Katabi noted that in Canada, Novartis’ spinal muscular dystrophy gene therapy was approved for reimbursement only after protests and pushback from the patient population.

“I don’t think we can underestimate that patients will continue to have a great role in pushing and supporting and describing to government officials and payers what these therapies do to change their lives,” she said.

Indeed developers of rare and orphan disease therapies are increasingly working with patient groups to understand what the important endpoints are to them. In rare diseases, it’s important for the U.S. Food and Drug Administration to work with advocacy groups to figure out what the endpoints should be, says Chris Vlahos, global head of rare disease external innovation at the specialty pharmaceutical Ipsen.

The FDA is very engaged, says Uden. The agency is working with Rallybio to design studies and present data that show the therapies are addressing the real needs of the patients.

And rare disease parents are very well informed, says MacKay, who has attended scientific conferences put on by rare disease foundations and notes that they often include an FDA representative.

All the panelists agreed that the FDA is flexible and willing to approve new drugs for serious unmet needs on an accelerated basis, but it still demands rigor in conducting trials and showing that a biomarker is actually measuring and predicting a clinical outcome.

In some cases the FDA will accept a natural history study as the comparator arm of a clinical trial. In these cases, MacKay cautioned companies to segment their patient population. In many rare diseases, the age of diagnosis can make a difference in the manifestations and progression of the disease, and thus the natural history has to correspond with the patient cohort in the trial.

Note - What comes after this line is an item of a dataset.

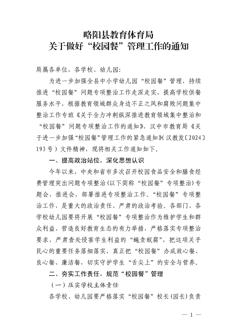 略教体发〔2024〕113号星空体育首页app教育体育局关于做好“校园餐”管理工作的通知
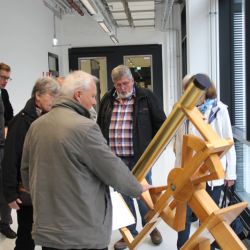 Am ersten Tag nach der Ankunft hielt sich das Wetter nach wie vor standhaft, was gleichzusetzen war, mit weiteren Regenfällen. Da wir aber einen Termin in Göttingen hatten, beim Max Planck Institut (MPI) für Sonnensystemforschung, spielte dies keine Rolle. Dort waren wir ja überwiegend im Gebäude und brauchten keinen Sonnenschein. um über selbige zu reden. Das MPI in Göttingen beschäftigt sich, wieder der Name schon sagt, vornehmlich mit unserem Sonnensystem. Dabei steht die Sonne, die Planeten und alle Monde unseres Sonnensystems im Vordergrund. Kometen und Asteroiden gehören ebenfalls zu den zu untersuchenden Objekten. Ziel ist es, zum einen die Vorgänge im Sonnensystem zu untersuchen und in theoretischen Modellen zu beschreiben. Dazu werden diese Vorgänge auch in Computern simuliert. Zum anderen werden aber auch wissenschaftliche Instrumente gebaut, die spezielle Körper aus dem Weltall untersuchen. Daher ist man auch an der ESA-Mission Rosetta beteiligt, die sich auf dem Weg gemacht hatte, um im Juli 2014 auf dem Kometen 67P/Churyumov-Gerasimenko zum ersten Mal zu landen. Das Institut enthält drei Fachabteilungen: Planeten und Kometen, Sonne und Heliosphäre sowie das Innere der Sonne und Sterne. In der Eingangshalle waren drei große Bilder angebracht, die diese drei Abteilungen widerspiegelten. Dort war auch der Nachbau der Rosetta-Sonde zu bewundern sowie die Kometennachbildung von 67P/Churyumov-Gerasimenko, auf dem die Landeeinheit Philae der Rosetta-Mission sich derzeit befindet. Den Verlauf der Landemission konnte man ebenfalls an diesem Nachbau erkennen, da die Landeversuche und der Lander selbst dort maßstabsgetreu aufgezeigt wurden. Des Weiteren durften wir beim MPI die Laborräume besuchen und nahmen viel Interessantes und Wissenswertes mit. Hierüber wird noch ausführlich in der HiPo berichtet werden.

“The FDA’s guidance recognizes that it is not always possible to have a control arm, and in the absence of that, they would like a natural history,” he said. “It’s almost like a concession on FDA’s part so it needs to be extremely well-designed.”

Finally, the discussion veered to M&A and reasons why Big Pharma is investing in the space: to acquire the exciting new modalities like gene therapy and RNA-based therapies, many of which are being developed first for rare indications. “Companies could build it from the ground up but it’s a faster move to acquire the capability by bringing it in,” says Uden. “Big Pharma gene therapy deals are a hedge.”

One point that was clear during the discussion was that drug developers recognize they must work with patients throughout the entire process to think about endpoints and meaningful quality of life measures so they will be able to make a case for the value of their therapies and justify to payers the prices they seek.